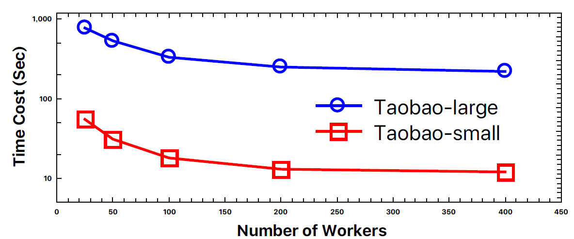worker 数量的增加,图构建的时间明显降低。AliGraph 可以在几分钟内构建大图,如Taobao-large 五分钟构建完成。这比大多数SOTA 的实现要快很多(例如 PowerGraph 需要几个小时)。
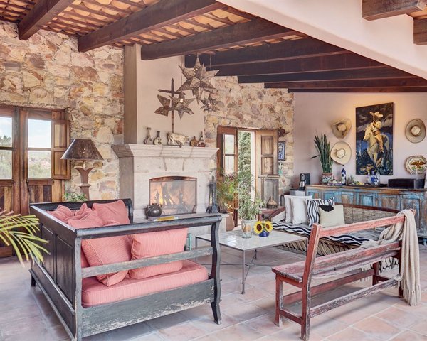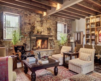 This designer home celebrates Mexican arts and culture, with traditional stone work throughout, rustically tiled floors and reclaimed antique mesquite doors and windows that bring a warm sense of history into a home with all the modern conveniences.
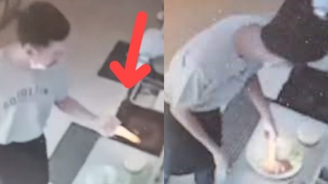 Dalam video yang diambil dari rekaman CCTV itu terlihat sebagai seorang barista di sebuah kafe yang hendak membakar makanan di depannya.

To do -
Give back the entire listing verbatim, without the pictures.

Answer section -
worker 数量的增加,图构建的时间明显降低。AliGraph 可以在几分钟内构建大图,如Taobao-large 五分钟构建完成。这比大多数SOTA 的实现要快很多(例如 PowerGraph 需要几个小时)。
 This designer home celebrates Mexican arts and culture, with traditional stone work throughout, rustically tiled floors and reclaimed antique mesquite doors and windows that bring a warm sense of history into a home with all the modern conveniences.
 Dalam video yang diambil dari rekaman CCTV itu terlihat sebagai seorang barista di sebuah kafe yang hendak membakar makanan di depannya.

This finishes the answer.